A probabilistic off-switch that the agent is indifferent to

Edit: I no longer think this post deserves attention.

Abstract

This post presents a setup with an off-switch that is defective with probability of almost 0. The agent is indifferent to being terminated in worlds where the off-switch works. Also, the agent doesn’t try to find out whether the off-switch is defective or not, because that would require an expensive computation. With some assumptions (described in the last section) the result is supposedly an off-switch that works with probability that is as close to 1 as we wish, and the agent is indifferent to it being pressed.

Notations

Let there be an agent that in each time step selects an action and then receives an observation. The goal of the agent is to maximize E[u(h)], for some model of the environment, where u is a computable utility function and h is the history of all (action, observation) pairs from time step 1 until the end of the epoch.

The environment contains an off-switch that terminates the agent when pressed. In every time step after the agent is terminated, the corresponding action in h is the “null action”.

The Proposed Setup

Each time we wish to invoke the agent, we invoke a program that does the following:

(1) A random number x is generated, sampled uniformly from the range: [0,10100]. Spoiler alert: the off-switch will be defective iff x=0.
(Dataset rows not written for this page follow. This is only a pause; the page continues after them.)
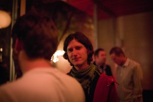 In a dimly lit space, a young man with long, dark hair and a green scarf gazes directly into the camera, exuding a relaxed yet engaging aura. Flashes of warm ambient light and softly blurred figures in the background create a sense of camaraderie and a moody, intimate atmosphere. The composition draws the viewer into the moment, highlighting the subject while hinting at the lively interactions taking place around him.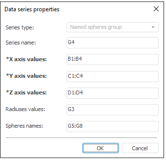 For series of all types, the fields containing the axis values are required. All the settings are entered as ranges.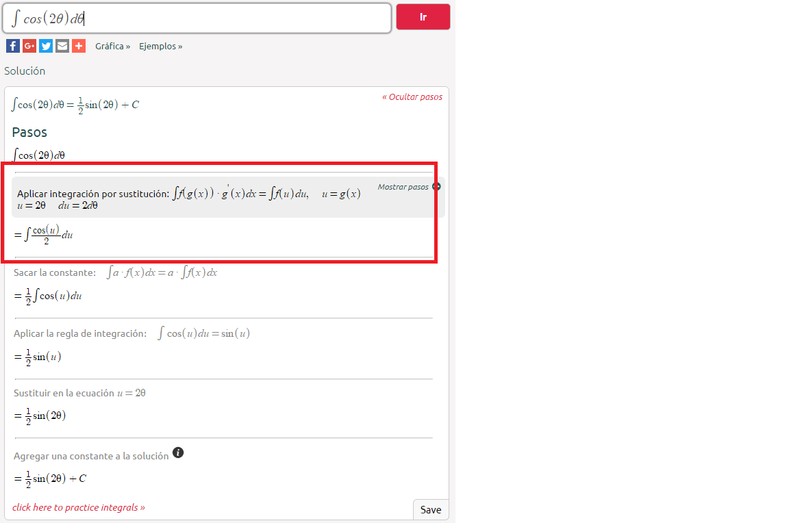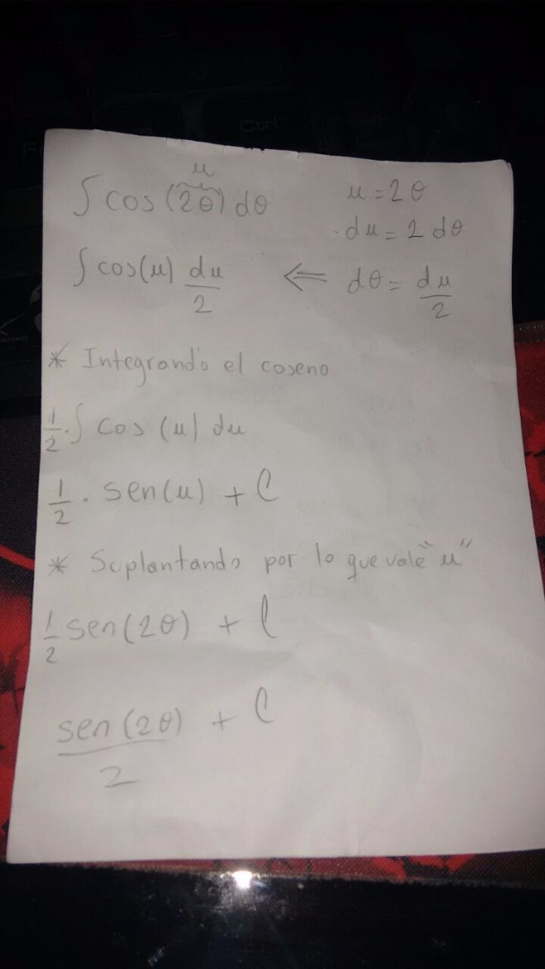 Alguien me puede explicar porque en la parte de rojo queda cos(u)du sobre 2, no entiendo porque queda sobre 2 despues de aplicar integracion por sustitucion

(2) Let f be some invertible function such that given f(x), calculating x (i.e. applying f−1) would require 0.1 seconds of intensive computations for some powerful computer C. The number y:=f(x) is calculated.

(3) The representation of x is erased in a way that would require a non-trivial effort to reconstruct.

(4) The number y is sent to computer C which is part of the off-switch.

(5) The number y is inserted into the code of the agent, such that the utility of the agent will be:

u′(h)={u(h)f−1(y)=0α1+[number of non-null actions in h]otherwise

for some 0<α≪1.

Edit: With the above u′ the solution has multiple problems that Stuart Armstrong pointed out (see here, here and here). I think the new u′ defined in this comment fixes these problems.

(6) The agent is invoked.

The probabilistic off-switch:

When the off-switch is pressed, computer C calculates x (i.e. f−1(y)) and if the result is 0, nothing happens (i.e. the off-switch is defective). Otherwise, the agent is terminated.

Why should this work?

For a sufficiently small α, the agent would act as if it assumes x=0, without attempting to find out whether that’s indeed the case. That’s because that assumption would cost at most α utility (in worlds where x≠0); and would save some amount of utility (independent of α) in worlds where x=0, due to not spending resources on the expensive computation f−1(y).

When the agent assumes x=0, it is indifferent to the off-switch being pressed, because it assumes the off-switch is defective (even though the probability of it being defective is only 10−100).

Note: When we don’t set α to be small enough, the agent might calculate f−1(y) (or reconstruct x in some other way). In such a case, the agent gets hold of x and will (with probability of almost 1) discover it’s not 0, and then we’ll observe the agent doing nothing (i.e. a sequence of null actions). In such a scenario we should simply decrease α and try again.

Flaws /​ Necessary Assumptions

ETA: This solution is not reflectively stable—creating subagents that maximize u is allowed and doesn’t directly hurt the agent (thanks to Stuart Armstrong for pointing this out).

(1) Other than pressing the off-switch, the programmers must not have any way to terminate the agent or interfere with its plan. Otherwise, even when the agent assumes the off-switch is defective, it might attempt to deceive/​neutralize the programmers.

(2) The agent’s plan might involve destroying the mechanism of the off-switch or disabling the programmers in some way, in order to use the atoms/​energy for something else. In that case the programmers must be able to realize this and press the off-switch button in time.

(3) If x=0 (i.e. the off-switch is defective) it must be sufficiently unlikely that the mechanism of the off-switch would cause the termination of the agent (e.g. due to a hardware failure or due to the programmers being able to somehow “repair” the defective off-switch). Otherwise, the agent would be willing to spend the resources needed for destroying the mechanism of the off-switch.

A possible way to tackle this problem is to slightly modify u such that the agent would want to reach some goal and then terminate itself ASAP. The modification should prevent the agent from accepting a delay of even a single time step for the purpose of eliminating a tiny risk of termination.